*** Opening of Supplied entries ***

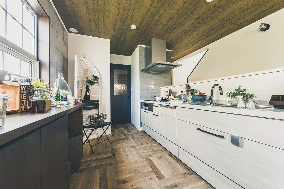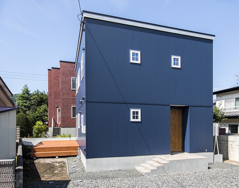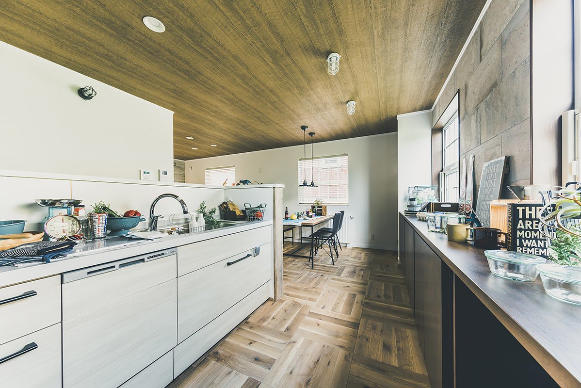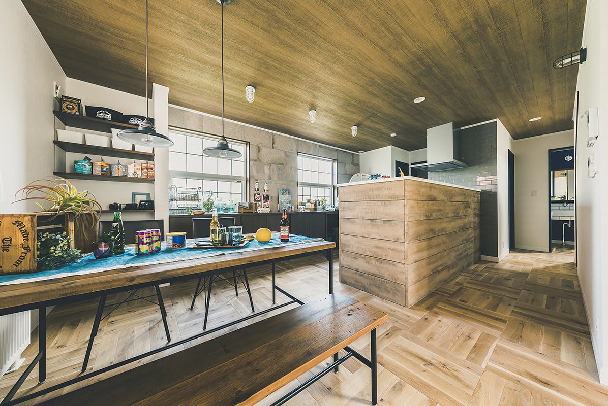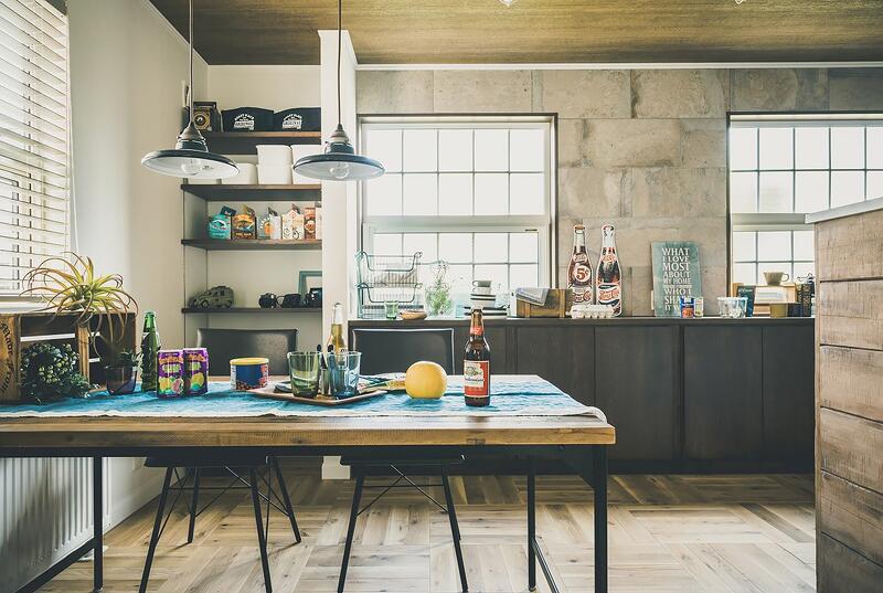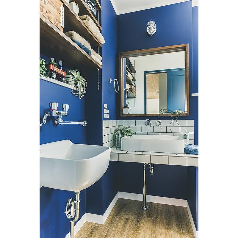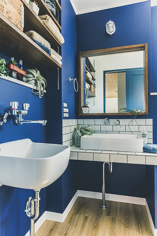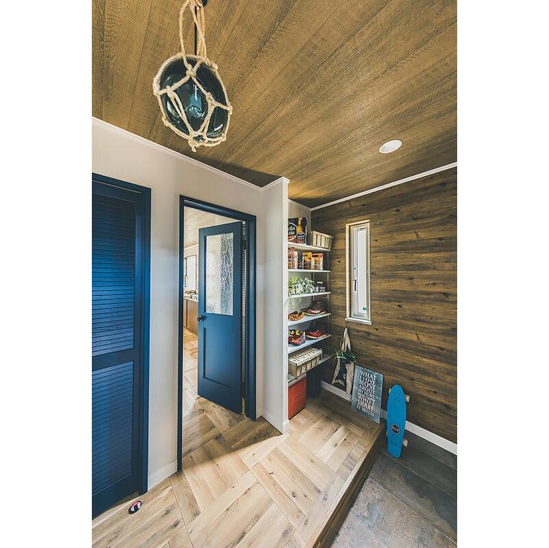 家の真ん中の吹き抜け部分に設けたデッキのようなくつろぎスペース。インテリアはブルーをアクセントにしたマリンテイスト。石やタイルの存在感がカッコいい家。
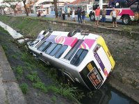 Um microônibus caiu em um valão na rua Arthur Rios, em Campo Grande, na zona oeste do Rio de Janeiro. O coletivo estava indo da garagem para o ponto final da linha e não transportava passageiros.
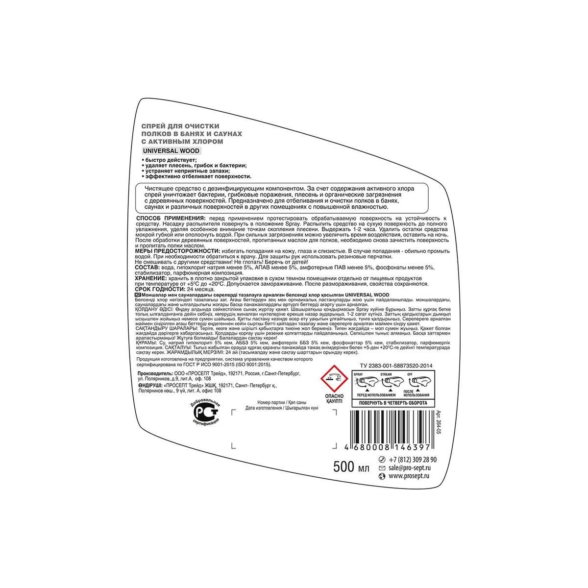 Все характеристики, изображения и описание товара "Спрей для очистки полков в банях и саунах Prosept Universal Wood (0.5 л)" носят
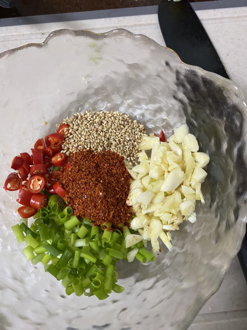 2.小葱,小米辣,蒜切末,再加入白芝麻和辣椒粉摆好,当然也可以不摆
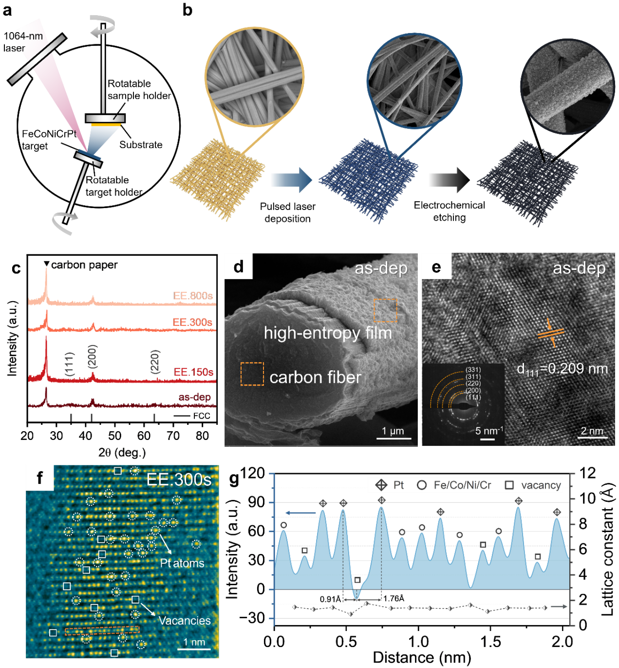 图1. FeCoNiCrPt HEA薄膜的制备与表征。(a)脉冲激光沉积和(b)电化学刻蚀过程示意图。(c)电化学刻蚀前后HEA薄膜的略入射X射线衍射图。as-dep HEA薄膜的(d)扫描电子显微镜图像和(e)高分辨透射电子显微镜图像,插图为选区电子衍射花样。(f)EE.300s HEA薄膜的高分辨透射电子显微镜图像,白色虚线圈所示为Pt原子,白色方框所示为空位。(g)图f橙色虚线框所示区域的像素强度分布图,曲线的峰和谷分别表示原子柱位置和间隙位置。
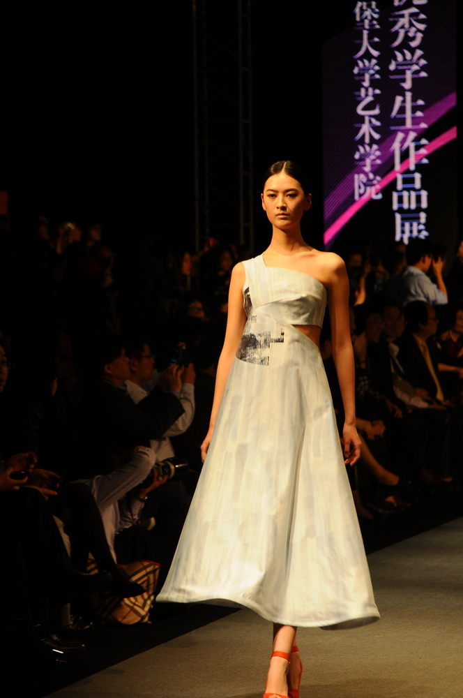 女装秀之中,第十组的流速系列较为精彩,白色的流沙,既飘逸又显得清新洒脱,模特高挑的身材更显衣料的通透。其他几组的服装也各具特色,十一组的阿拉伯风情系列,显得与众不同;第十二组粉黄的色调给人直击心脏的强烈冲击;同样第十三组的桔黄色调也有很强的视觉冲击力,但不同的是这组的服装应用了些许漆皮的元素,有些清纯的摩登的感觉。除应有的服饰之外,不管是发型还是首饰配件,爱丁堡大学的年轻设计师们都做了得当的设计。
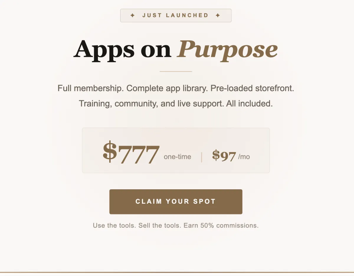 Most affiliate programs give you a link and wish you luck. Apps on Purpose gives you a preloaded storefront, the actual products, training on how to sell, and a community that supports you through every step.
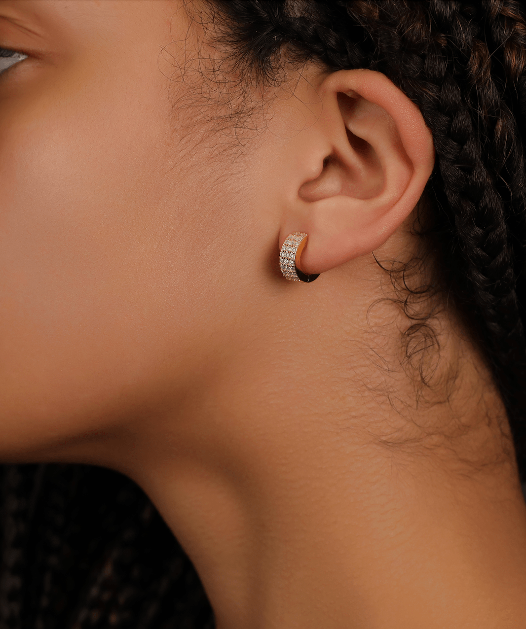 De Huggie Hoop-oorbellen bieden een balans tussen structuur en glans, vervaardigd in 925 zilver met een geelgouden plating voor een langdurige afwerking. De drievoudige zetting is ontworpen voor een goede pasvorm en maximaliseert de schittering, terwijl een strak, draagbaar profiel behouden blijft. Een veilige scharniersluiting zorgt voor draagcomfort, waardoor ze een veelzijdige aanvulling zijn op elke collectie.
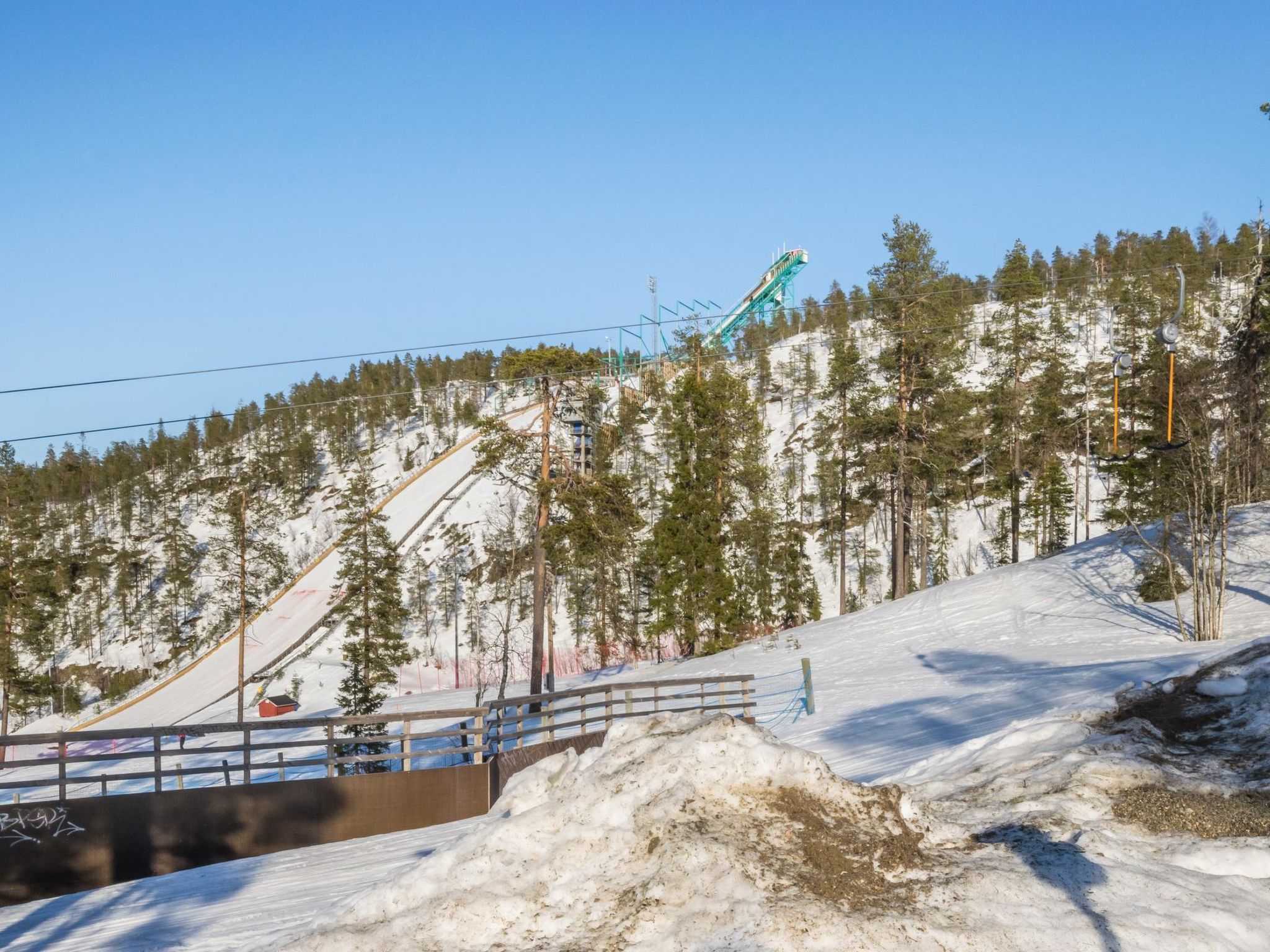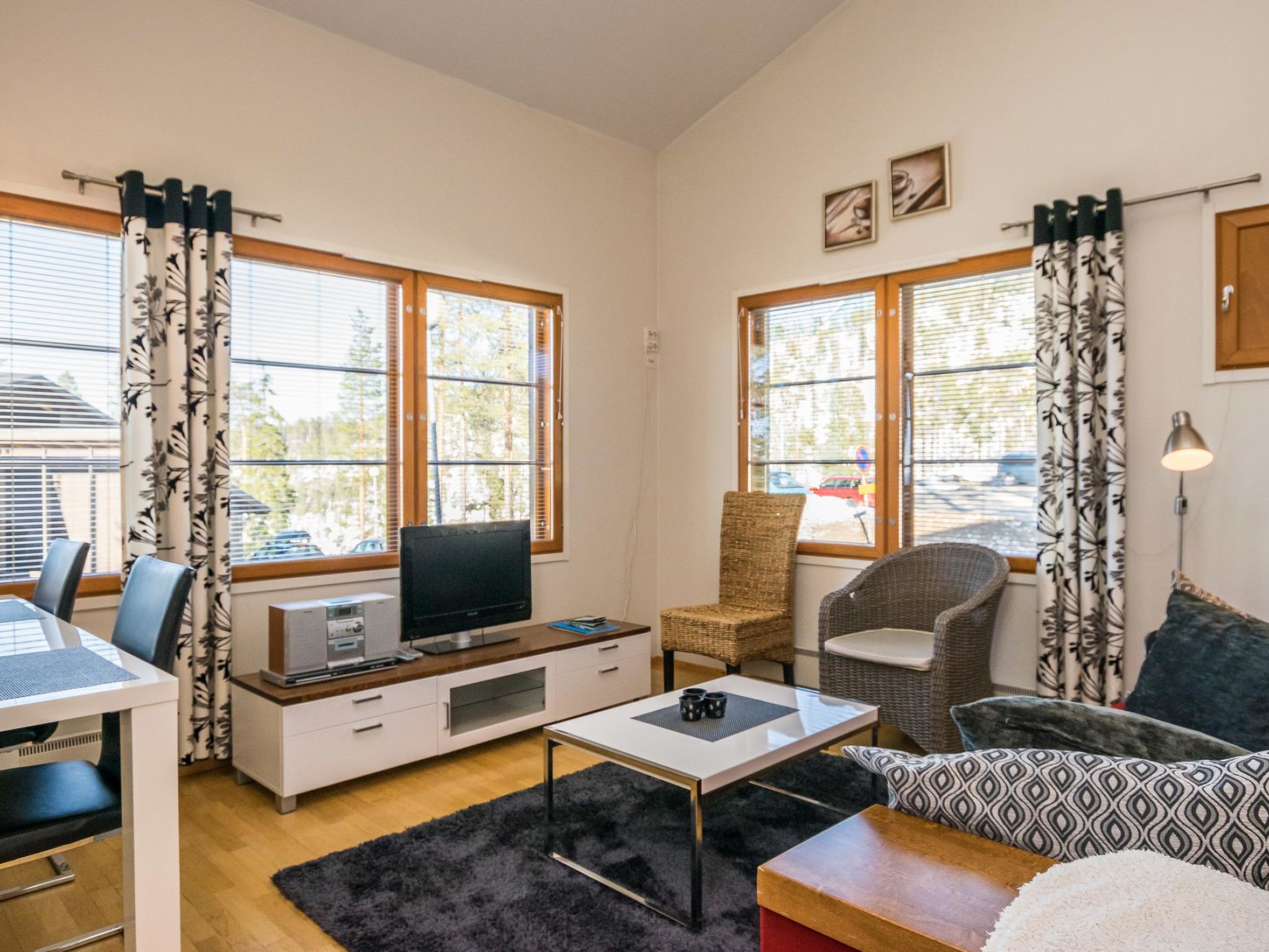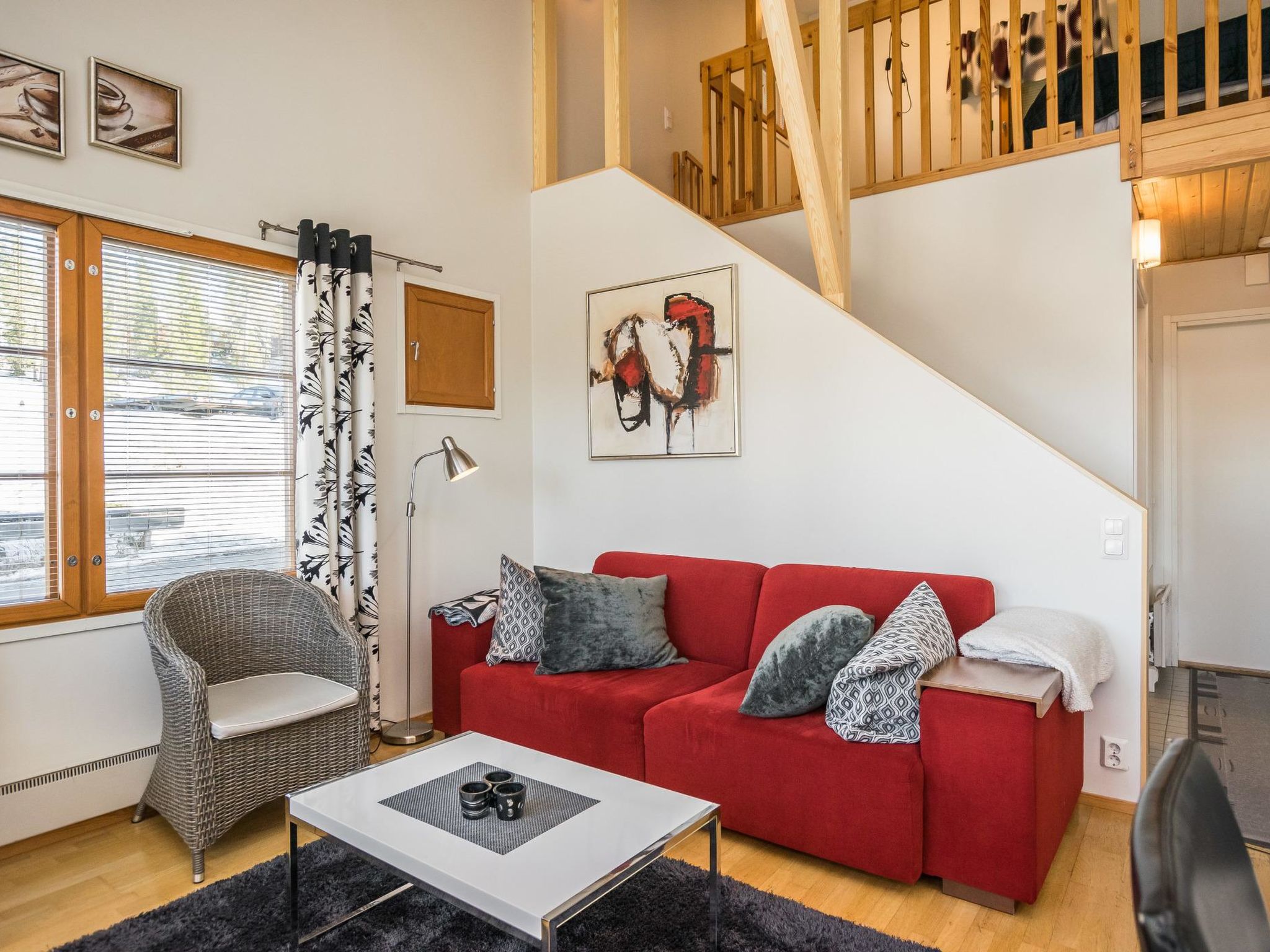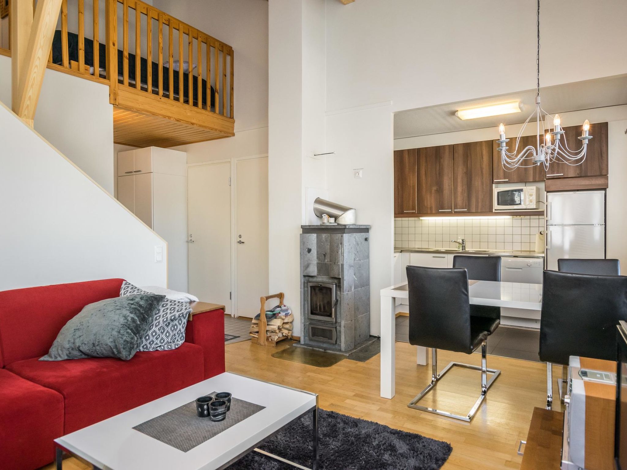 29 km nördlich von Kuusamo, Ruka Dorf (West Ruka) 200 m. Gute Qualtitätswohnung, Baujahr 2002, Schlafzimmer: 2 Betten, Obergeschoss 2 Betten + Matratze, Wohnküche, elektrische Sauna. Fläche der Ferienwohnung 57 m²: Erdgeschoss 47 m², Obergeschoss 10 m². Diese Ferienwohnung befindet sich in der Nähe des Ruka Zentralsbereichs, am Fuss der vorderen Piste. Nächste Skilifte Talvijärvi und Kuru. Zusätzliche Ausstattung: Kindersausstattung (Hochstuhl + Babybett) auf Anfrage und gegen Aufpreis. Andere Entfernungen: Oulanka Nationalpark / Pieni Karhunkierros Pfad 23 km, Riisitunturi Fjell 29 km. Zusätzliche Informationen: Geeignet für Familien und Geschäftsreisende. Balkon Richtung Skistadion. Die Buchungen beginnen um 16:00 Uhr und enden um 12:00 Uhr (auch bei Wochenendbuchungen).

*** Close of Supplied entries ***

- _Task to carry out_
Set down exactly, and only, the lines from the one holding "De Huggie Hoop-oorbellen" to the end of the records above, leaving every picture out.

- _Your response_
 De Huggie Hoop-oorbellen bieden een balans tussen structuur en glans, vervaardigd in 925 zilver met een geelgouden plating voor een langdurige afwerking. De drievoudige zetting is ontworpen voor een goede pasvorm en maximaliseert de schittering, terwijl een strak, draagbaar profiel behouden blijft. Een veilige scharniersluiting zorgt voor draagcomfort, waardoor ze een veelzijdige aanvulling zijn op elke collectie.
 29 km nördlich von Kuusamo, Ruka Dorf (West Ruka) 200 m. Gute Qualtitätswohnung, Baujahr 2002, Schlafzimmer: 2 Betten, Obergeschoss 2 Betten + Matratze, Wohnküche, elektrische Sauna. Fläche der Ferienwohnung 57 m²: Erdgeschoss 47 m², Obergeschoss 10 m². Diese Ferienwohnung befindet sich in der Nähe des Ruka Zentralsbereichs, am Fuss der vorderen Piste. Nächste Skilifte Talvijärvi und Kuru. Zusätzliche Ausstattung: Kindersausstattung (Hochstuhl + Babybett) auf Anfrage und gegen Aufpreis. Andere Entfernungen: Oulanka Nationalpark / Pieni Karhunkierros Pfad 23 km, Riisitunturi Fjell 29 km. Zusätzliche Informationen: Geeignet für Familien und Geschäftsreisende. Balkon Richtung Skistadion. Die Buchungen beginnen um 16:00 Uhr und enden um 12:00 Uhr (auch bei Wochenendbuchungen).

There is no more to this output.